Error handling: If a command doesn't exist, the shell prints Command not found!


Built-in Commands

cd — Change Directory

Syntax: cd [~ | - | path]

Arguments:

  • No argument or ~: Change to home directory
  • -: Go back to previous directory
  • path: Change to specified relative or absolute path

Examples:

perxeuss@hostname:~$ cd /tmp
perxeuss@hostname:/tmp$ cd ~
perxeuss@hostname:~$ cd -
perxeuss@hostname:/tmp$ cd ../home
perxeuss@hostname:/home$

Error: Prints cd: No such file or directory if path doesn't exist.


pwd — Print Working Directory

Syntax: pwd

perxeuss@hostname:~/projects$ pwd
/home/perxeuss/projects

echo — Print Arguments

Syntax: echo [-n] [args...]

Flags:

  • -n: Suppress trailing newline
perxeuss@hostname:~$ echo Hello World
Hello World

perxeuss@hostname:~$ echo -n no newline
no newline perxeuss@hostname:~$

perxeuss@hostname:~$ echo $HOME
/home/perxeuss

env — Print Environment

Syntax: env

perxeuss@hostname:~$ env
PATH=/usr/local/sbin:/usr/local/bin:...
HOME=/home/perxeuss
USER=perxeuss
...

setenv — Set Environment Variable

Syntax: setenv VAR=value or setenv VAR value

perxeuss@hostname:~$ setenv FOO=bar
perxeuss@hostname:~$ echo $FOO
bar

unsetenv — Unset Environment Variable

Syntax: unsetenv VAR

perxeuss@hostname:~$ unsetenv FOO
perxeuss@hostname:~$ echo $FOO
           # empty — variable removed

which — Locate a Command

Syntax: which command

perxeuss@hostname:~$ which gcc
/usr/bin/gcc

perxeuss@hostname:~$ which cd
cd: shell built-in command

perxeuss@hostname:~$ which fakecommand
fakecommand not found

exit — Exit the Shell

Syntax: exit

Kills all active background jobs and exits cleanly.


Command Operators

Pipes (|)

Syntax: command1 | command2 | ... | commandN

Each command runs in its own process. stdout of one is wired to stdin of the next. Ctrl-C and Ctrl-Z affect the entire pipeline group, not just the last process.

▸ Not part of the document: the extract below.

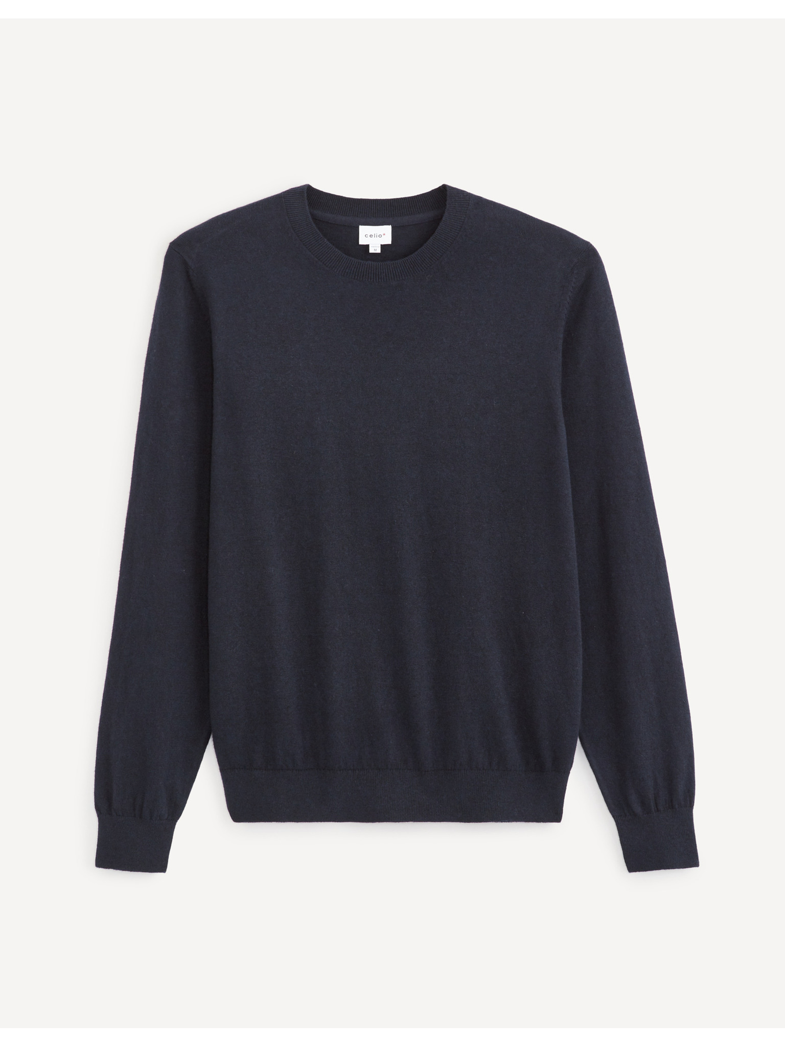Мъжки пуловер с кръгло деколте от еластичен трикотаж в класическо плетене - тъмно синьо V1 OM-SWSW-0183 Ombre Clothing

perxeuss@hostname:~$ cat /etc/passwd | grep root | wc -l
2

perxeuss@hostname:~$ ls -la | sort | head -5

perxeuss@hostname:~$ cat file.txt | grep "error" | sort | uniq > errors.txt

Input Redirection (<)

Syntax: command < filename

perxeuss@hostname:~$ sort < data.txt
perxeuss@hostname:~$ wc -l < file.txt

Output Redirection (> and >>)

Syntax: command > filename or command >> filename

perxeuss@hostname:~$ echo "Hello" > output.txt
perxeuss@hostname:~$ echo "World" >> output.txt
perxeuss@hostname:~$ ls -la > listing.txt
  • > creates or overwrites the file
  • >> appends to the file

Combined Redirection

perxeuss@hostname:~$ cat < input.txt > output.txt
perxeuss@hostname:~$ cat < input.txt | grep "pattern" > results.txt
perxeuss@hostname:~$ ls | sort > sorted_list.txt

Sequential Execution (;)

Syntax: command1 ; command2 ; ... ; commandN

perxeuss@hostname:~$ echo "First" ; echo "Second" ; echo "Third"
First
Second
Third

perxeuss@hostname:/tmp$ cd ~ ; ls ; pwd

Background Execution (&)

Syntax: command &

perxeuss@hostname:~$ sleep 10 &
perxeuss@hostname:~$            # prompt returns immediately

perxeuss@hostname:~$ make build &

Completion messages appear before the next prompt:

sleep with pid 12345 exited normally
gcc with pid 12346 exited abnormally

Environment Variable Expansion

$VAR is expanded before execution across all commands, not just builtins:

perxeuss@hostname:~$ echo $HOME
/home/perxeuss

perxeuss@hostname:~$ ls $HOME

perxeuss@hostname:~$ cd $HOME/projects
perxeuss@hostname:~/projects$

Command History

Psh saves every command to ~/.Psh_history and loads it on startup.

Features:

  • Stores up to 15 commands
  • Persists across shell sessions
  • No duplicate consecutive commands stored
  • Commands containing log as a token are not stored
perxeuss@hostname:~$ echo hello
perxeuss@hostname:~$ ls -la
perxeuss@hostname:~$ pwd

# View saved history
perxeuss@hostname:~$ cat ~/.Psh_history
echo hello
ls -la
pwd

Keyboard Shortcuts

Ctrl-C (SIGINT)

Interrupts and terminates the current foreground process or pipeline.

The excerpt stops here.